Ten custom imaged, laminated glass panels
A grouping of three steel-framed houses supported on posts honors the migrations of peoples to what was a vast floodplain in central Texas. Drawn by water and fertile land, it also drew conflicts through time. Glass panels inspired by the region fill the sides and roof of two of the houses. The third house has a silhouette of a mockingbird whose calls, captured from its surroundings, bear witness to those who have found haven there.
Commissioned by the Arts Council of Fort Worth, Public Art Program, Fort Worth, TX
Details below:
Reflecting Time (2005)
Two sixty-five foot screens with projected video imagery and poetry.
Projected video and poetry flows in opposite directions across two 60-foot screens within the storefront windows.

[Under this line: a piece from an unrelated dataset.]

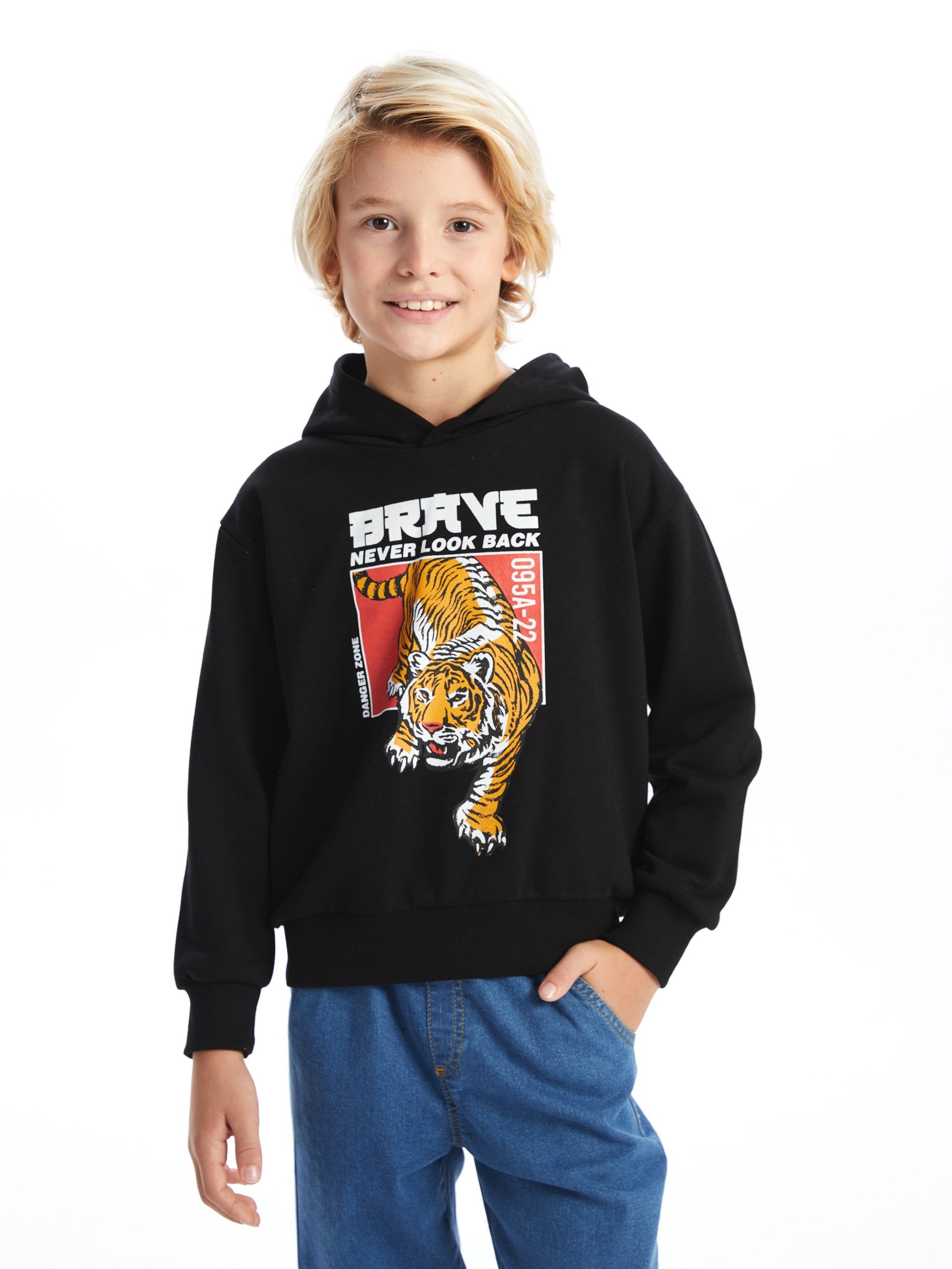 Lcw Kids Black Hooded Boy Sweatshirt

The doorway entrance between the two screens represents the present. Video imagery and poetry from memories flow to the left; hopes and dreams of the future flow to the right. In the paradox of time, the present is experienced simultaneously as the continuous now and as a fleeting moment caught between the past and future.
Commissioned for the Scarbrough Building, Austin, TX.
Matrix (1999)
Digital glass panels illuminated by sunlight, 12’x18’.

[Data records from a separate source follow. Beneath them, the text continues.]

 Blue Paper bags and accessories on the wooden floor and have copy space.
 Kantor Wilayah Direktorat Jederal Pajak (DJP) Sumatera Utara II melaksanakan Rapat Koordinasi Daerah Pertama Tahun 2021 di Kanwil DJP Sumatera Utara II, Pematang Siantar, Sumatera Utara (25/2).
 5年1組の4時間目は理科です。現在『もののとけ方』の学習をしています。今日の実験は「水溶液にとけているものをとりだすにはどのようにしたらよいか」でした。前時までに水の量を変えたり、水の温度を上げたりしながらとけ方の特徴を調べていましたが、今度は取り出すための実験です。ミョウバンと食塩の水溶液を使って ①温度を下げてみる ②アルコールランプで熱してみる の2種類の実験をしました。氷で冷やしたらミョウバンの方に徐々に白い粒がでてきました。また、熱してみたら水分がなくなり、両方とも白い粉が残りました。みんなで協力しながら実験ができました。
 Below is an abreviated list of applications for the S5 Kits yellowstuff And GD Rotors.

This library entrance glows from solar-illuminated color patterns inspired by a computer chip made up of quotations from poetry, prose and personal statements on quest, search or discovery. The texts and symbols honor the library’s role as an archive of information. The imagery patterns were inspired by the evolution of encoded information from the visual to symbols of written language and digital code.
Commissioned for the E.P. Foster Library, Ventura, CA through Ventura Art and Public Place Program.
Evidence of Time and Dual Cascade (1994)
Inverted pendulum, steel, aluminum, holographic panels, illuminated sky panel and motorize drive system, 36’.
This installation scans the sky as the earth rotates beneath it. An inverted pendulum, it marks the Entrance Plaza of the Moreno Valley Mall and sweeps slowly from north to south. Illuminated by sunlight, the spectral colors of light race up and down the sculpture’s south face with its motion.
The earth turned in her sleep and traded one surface for another.
- Umberto Eco, Foucault’s Pendulum
Commissioned for the Moreno Valley Mall, Moreno Valley, CA.
Celestial Chance (1993)
Platform-steel, holographic skylight panels and paving. Lower level - ceramic tile.
This installation presents contemporary and indigenous approaches to the sky as a realm of discovery. The Chumash of Southern California believed in a mystic game of chance between the Sun and Sky Coyote as the North Star foretold the new year. The upper level pays homage to solar and celestial instruments. The Station’s lower level includes tile installations inspired by Chumash pictograms, created by collaborating tile artist, Viqui McCaslin.
Commissioned by the Los Angeles County Metropolitan Transportation Authority for the Long Beach Boulevard Metro Station.
Falling Light (1992)
Wall mural: metal, holographic laminate; Doors: holographic film laminated to glass; Waterfall: sound installation simulating falling water.
Designed for the Phoenix Police Department, three installations create a calming atmosphere within the lobby. The mural was inspired by the silhouette of Camelback Mountains and the doors create a spectral imaging reminiscent of the sunset across the desert.
Commissioned by the Phoenix Public Art Program
Flight of Fish (1990)
Fifty steel, fish-shaped wind vanes with holographic laminate in a reflecting pool.
The wind mimics the schooling behavior of fish in motion, turning as one with the flicker of colors reflecting off their diffractive scales in the sunlight. This installation was destroyed by vandalism.